BE CAREFUL: THE MANDAMUS CLOCK MAY START TICKING SOONER THAN YOU THINK


In re Yamaha Golf-Car Co.
Dallas Court of Appeals, No. 05-19-00292-CV (April 8, 2019)
Justices Bridges, Osborne, and Carlyle (Opinion, linked here)
Can a judge’s email to her court administrator start the clock on mandamus review?

Turns out, it can. In a personal-injury case, Yamaha designated the paramedics who transported the victim to the hospital as responsible third parties under Chapter 33 of the Civil Practice and Remedies Code. Plaintiffs later moved to strike that designation because Yamaha had not adduced evidence that the paramedics “engaged in willful and wanton negligence,” which Plaintiffs contended was the proper standard for assessing their conduct. After a hearing held shortly before the scheduled trial date, the judge sent an email to her court administrator, listing all the motions that had been addressed at the hearing, stating her ruling on each motion, and asking for orders to be supplied for each. The email showed the motion to strike the responsible-third-party designation as “Granted.” The administrator forwarded the email to counsel, asking them to submit proposed orders. Meanwhile, trial was postponed for about 9 months. The judge didn’t sign an order striking the responsible-third-party designation until about 7 weeks before the new trial date. Yamaha filed its mandamus petition about 4 weeks later—only 3 weeks before trial and 8 months after the email that stated the trial court’s ruling on the motion to strike.

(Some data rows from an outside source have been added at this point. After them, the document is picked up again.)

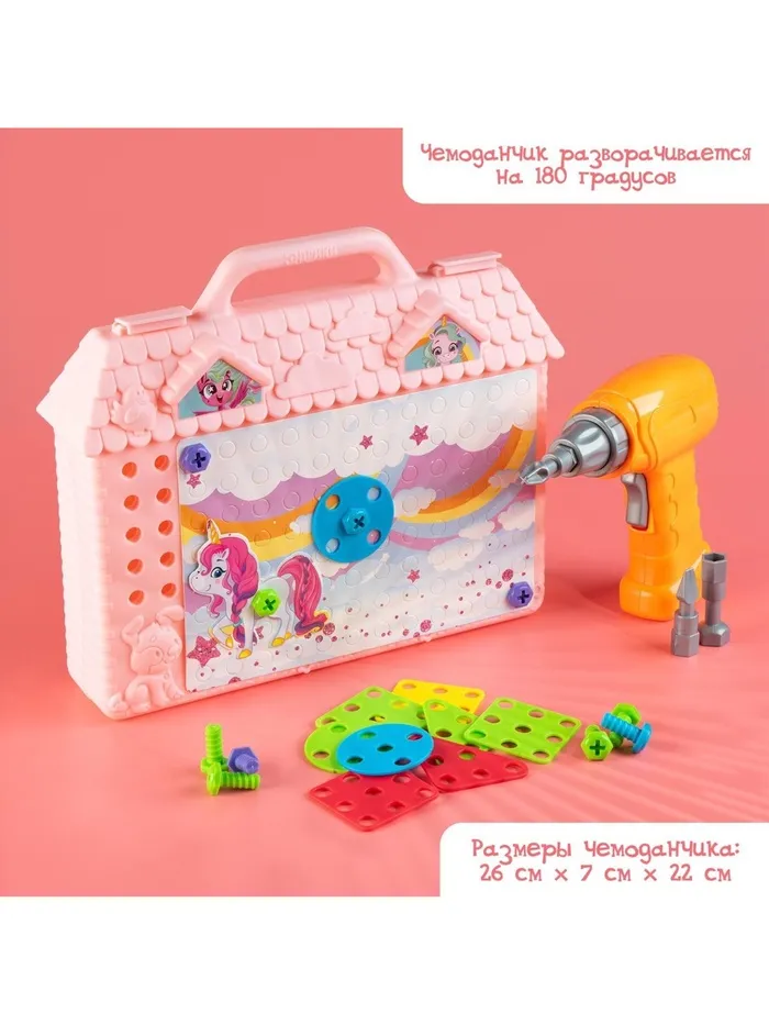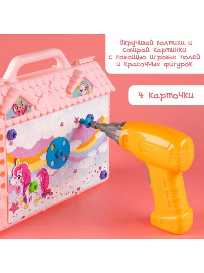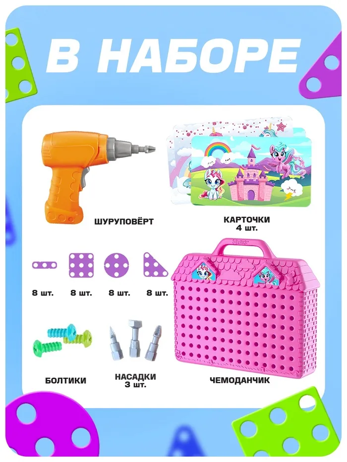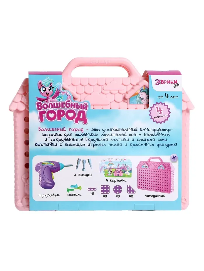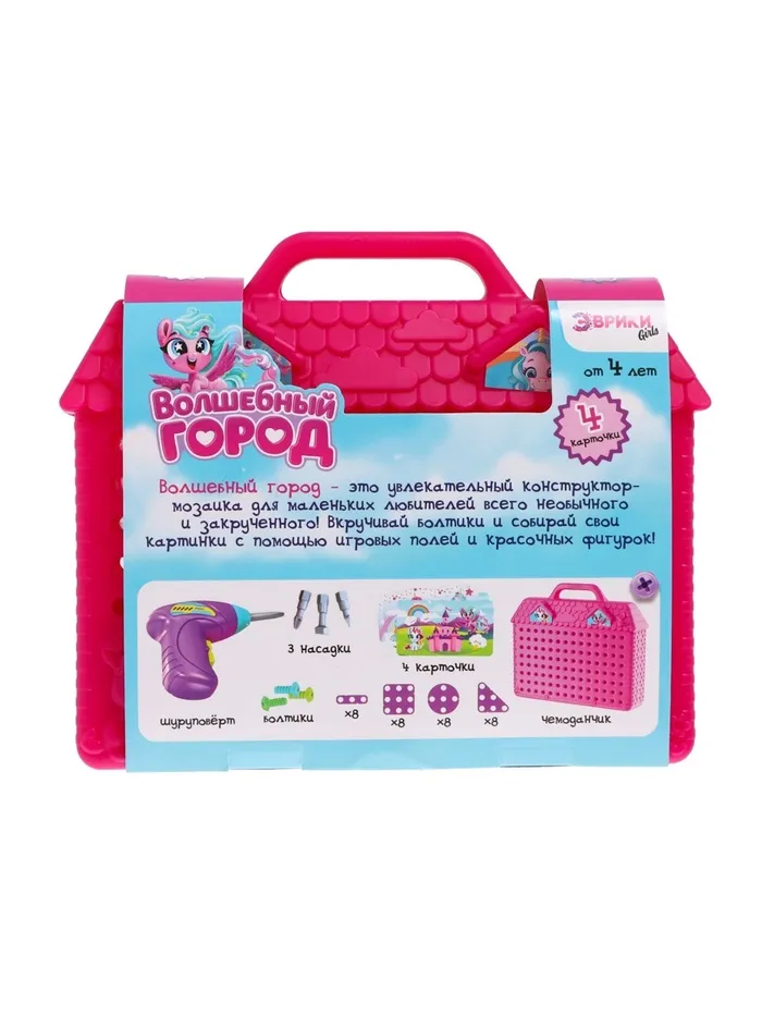 Конструктор в чемоданчике «Волшебный город», с электрическим шуруповёртом, 4 карточки, 57 деталей — Характеристики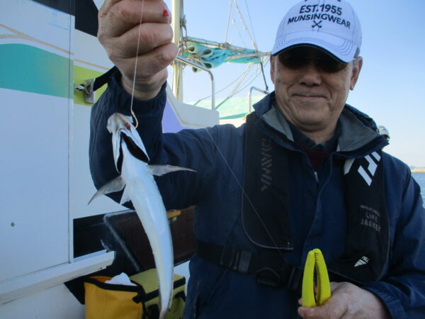 ※北風が強く、風影になる所で釣りました。風で釣りづらかったですが、ポツポツと釣れていました。一時、風が強さを増して波も大きくなり、船酔いの方も出ていましたので、波の少ない所に移動して、ポツリ、ポツリと釣れていました。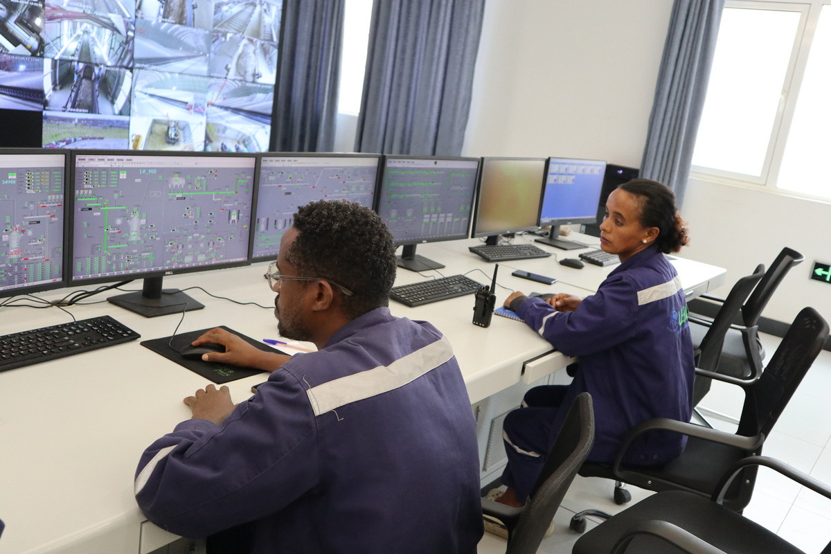 3月5日,當(dāng)?shù)貑T工在埃塞俄比亞萊米國(guó)家水泥廠的中控室工作。(圖片來(lái)源:新華社)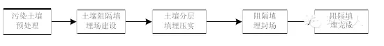 對于高風(fēng)險(xiǎn)污染土壤可以聯(lián)合固化/穩(wěn)定化技術(shù)使用后,對污染土壤進(jìn)行填埋;對于低風(fēng)險(xiǎn)污染土壤可直接填埋在阻隔防滲的填埋場內(nèi)或原位阻隔覆蓋。該技術(shù)一方面可以隔絕土壤中污染物向周邊環(huán)境遷移,另一方面可使其污染物在阻隔區(qū)域內(nèi)自然降解。

The Dallas Court of Appeals denied the petition, finding Yamaha had “waived through delay” its right to pursue mandamus relief. The Court held that, even though no formal order was signed until months later, “the trial court’s e-mail ruling was sufficiently clear and direct to be reviewed through mandamus,” and that signing a formal order “was merely a ministerial act.” The lesson: A party concerned about a “clear and direct” adverse ruling cannot sit back and wait for a formal order before pursuing mandamus relief—particularly not until right before trial. Rule 52 does not require a formal written order before relief can be sought. It requires only “a concise description of the [trial court’s] action from which the relator seeks relief” and directs the relator to attach to its petition a “certified or sworn copy of any order complained of, or any other document showing the matter complained of.

The pain of “waiver through delay” here was perhaps softened somewhat here by an alternative ruling. The Court held that, even if the mandamus petition had been timely filed, it posed “an issue of first impression not appropriate for mandamus review.” Issues of first impression can be addressed on mandamus, but only if the principle of law on which the relator relies is “positively commanded and so plainly prescribed under the law as to be free from doubt.” The question presented here—the standard by which the paramedics’ conduct should be measured—did not rise to that level of clarity or certainty.